• **What you will do**
Look below for the line containing "Cocina definida con". Write out that line and the rest through the last one, exactly as they appear, but without pictures.

• **Data section**
----
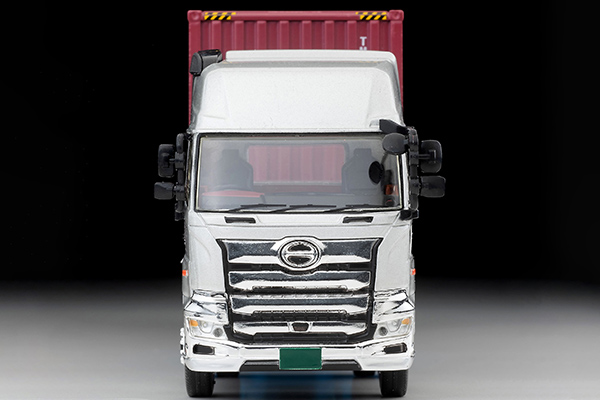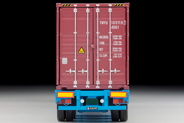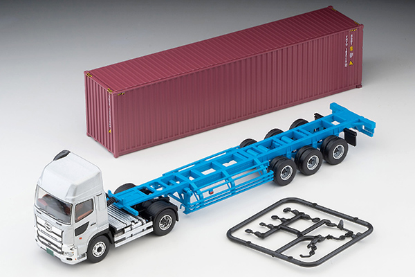 トラクタヘッドに加えて、トレーラー側は後方扉が開閉できる40ftコンテナと、コンテナシャーシ(東邦車輛TC36H1C34)を再現。コンテナとコンテナシャーシはダイキャスト製で、重量感溢れる仕上がりです。2023年10月発売予定の「LV-N298a 日野プロフィア トラクタヘッド(緑)」と組み合わせても楽しめます。
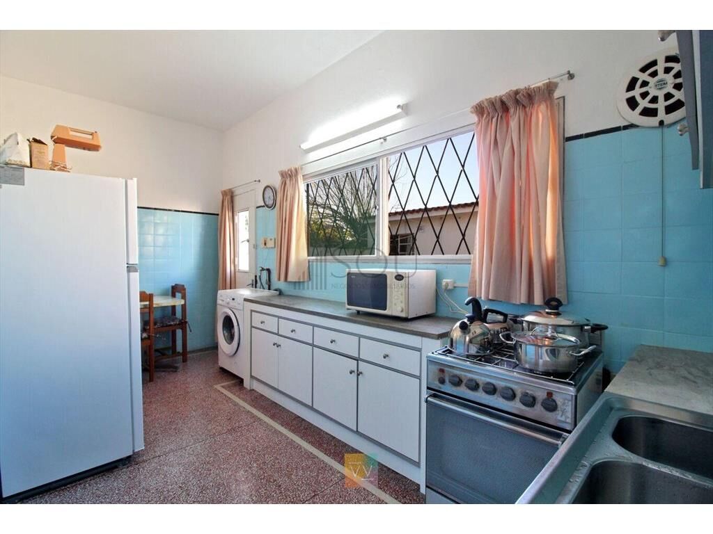 Cocina definida con muebles aéreos y bajo mesada, con conexión para el lavarropas.
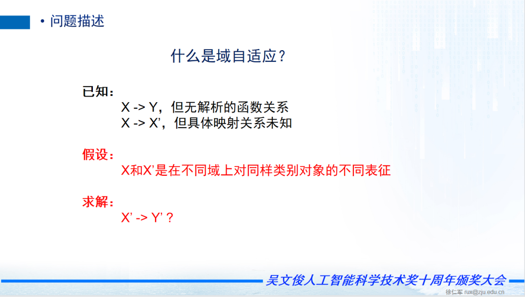 XY是已知的是原域,Y就是标签,但是XY没有一个解释的函数关系,是基于数据驱动的。另外,比如说一个真实的猫跟卡通猫都是猫,但有一个映射关系,这个映射关系我们是不知道的,真实照片的猫跟卡通的猫,我们知道困难存在一种关系,但是具体什么关系我们不知道,这是我们的假设,已知两个条件加上一个假设,X跟X'是不同域上对同样类别对象的不同表征,一个是真实照片的猫,一个是艺术卡通画的猫,是猫这个对象不同的表征。现在我们的目标是求解,给卡通的猫以后,卡通的猫怎么把它正确的识别出来,怎么打上Y'的标签,这是我们要做得事情。
----
• **Answer to this exercise**
 Cocina definida con muebles aéreos y bajo mesada, con conexión para el lavarropas.
 XY是已知的是原域,Y就是标签,但是XY没有一个解释的函数关系,是基于数据驱动的。另外,比如说一个真实的猫跟卡通猫都是猫,但有一个映射关系,这个映射关系我们是不知道的,真实照片的猫跟卡通的猫,我们知道困难存在一种关系,但是具体什么关系我们不知道,这是我们的假设,已知两个条件加上一个假设,X跟X'是不同域上对同样类别对象的不同表征,一个是真实照片的猫,一个是艺术卡通画的猫,是猫这个对象不同的表征。现在我们的目标是求解,给卡通的猫以后,卡通的猫怎么把它正确的识别出来,怎么打上Y'的标签,这是我们要做得事情。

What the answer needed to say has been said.